In a significant move towards providing clarity and regulation in the cryptocurrency space, the Turkish government is on the verge of finalizing a comprehensive framework for crypto assets and trading platforms. The impending regulations, outlined by Turkey’s Minister of Treasury and Finance, Mehmet Şimşek, aim to establish legal definitions for key crypto concepts, introduce licensing requirements for trading platforms, and align with international standards set by the Financial Action Task Force (FATF).

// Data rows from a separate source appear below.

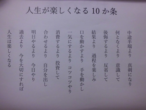 朝、作業室の壁に「人生が楽しくなる10か条」という紙が一枚貼ってありました。
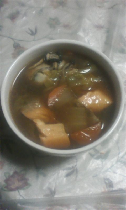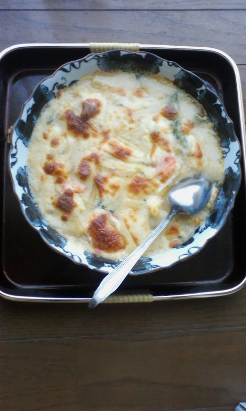開けたての味噌を使った寄せ鍋。鮭だから石狩かな。鶏胸肉も入れた。
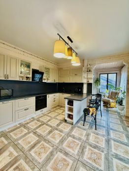 Стильный интерьер дома в спокойных тонах. На первом этаже - просторная кухня-гостиная, отдельная столовая или зимний сад с панорамными окнами, спальня 12 кв.м, санузел с душевой, прихожая и котельная. Итальянский кухонный гарнитур со встроенной дорогой техникой. Под лестницей организована зона хранения. По всему первому этажу - теплый пол.
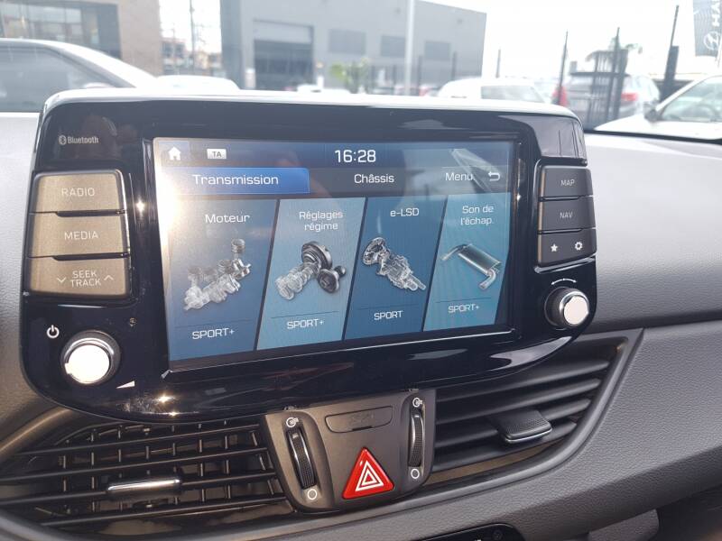 Pas de fioritures dans l’habitacle, on a bien du mal à sentir une quelconque ambiance sportive, et c’est bien dommage. La finition est correcte, l’ergonomie excellente, et l’instrumentation est complète. La i30n se distingue par son pédalier alu, ses deux boutons supplémentaires sur le volant pour les paramètres de conduite et la sellerie est spécifique. Vous aurez suffisamment d’espace pour balader votre famille le dimanche, et le coffre de 395 litres est toujours aussi pratique. On apprécie fortement toute la télémétrie mise à disposition, afin de mieux cerner vos données de conduite, mais ça reste utilisable surtout sur circuit. La barre anti-rapprochement (pack-performance+) dans le coffre annonce la couleur.

Herein, we explore the key highlights of Turkey’s forthcoming crypto regulations and their potential impact on the country’s growing crypto market.One of the primary objectives of Turkey’s cryptocurrency regulations is to mitigate the risks associated with crypto trading, with a particular focus on safeguarding ordinary investors. To achieve this, the regulations will provide clear legal definitions for essential crypto-related terms such as “crypto assets,” “crypto wallets,” and “crypto asset service providers.” By defining these terms, the government aims to create a more transparent and secure environment for crypto transactions.
Under the proposed framework, crypto trading platforms operating in Turkey will be required to obtain licenses from the Capital Markets Board (CMB). These licenses will come with operational requirements that are akin to those imposed on traditional financial institutions. This approach is designed to enhance the security and reliability of crypto platforms, reducing the potential for abuse and extreme price fluctuations.
While the regulations establish a comprehensive framework for crypto trading, they do not address the specific taxation of virtual assets at this stage. Instead, the focus is on providing regulatory clarity and setting the stage for a secure crypto ecosystem in Turkey. The government’s approach is to ensure that crypto assets are defined as intangible assets created and stored electronically using distributed ledger technology or similar methods, distributed over digital networks, and capable of representing value or rights.
Turkey’s journey towards cryptocurrency regulation began in May 2022, and the country has made significant progress since then. In early November 2023, Minister Şimşek announced the impending crypto legislation, highlighting that Turkey had already achieved compliance with 39 out of 40 FATF standards. This move is crucial for Turkey as it seeks to exit the FATF’s “grey list,” a designation it has held since 2021. Being on this list has had adverse effects on investor confidence in Turkey’s economy, which has been strained by high inflation rates.
Amidst economic challenges, cryptocurrencies have gained popularity in Turkey as an alternative financial option. Chainalysis, a blockchain analytics firm, reported that Turkey ranked fourth globally in crypto transaction volumes between July 2022 and June 2023, with approximately $170 billion in crypto activity. This places Turkey behind only the United States, India, and the United Kingdom in terms of crypto trading volume.
Turkey’s imminent comprehensive crypto regulation framework is poised to bring transparency, security, and regulatory clarity to the country’s burgeoning crypto market. By defining crucial terms, introducing licensing requirements, and aligning with international standards, Turkey aims to protect investors and enhance its standing in the global crypto landscape. As cryptocurrencies continue to gain traction in Turkey, these regulations are expected to play a pivotal role in shaping the future of crypto assets within the nation.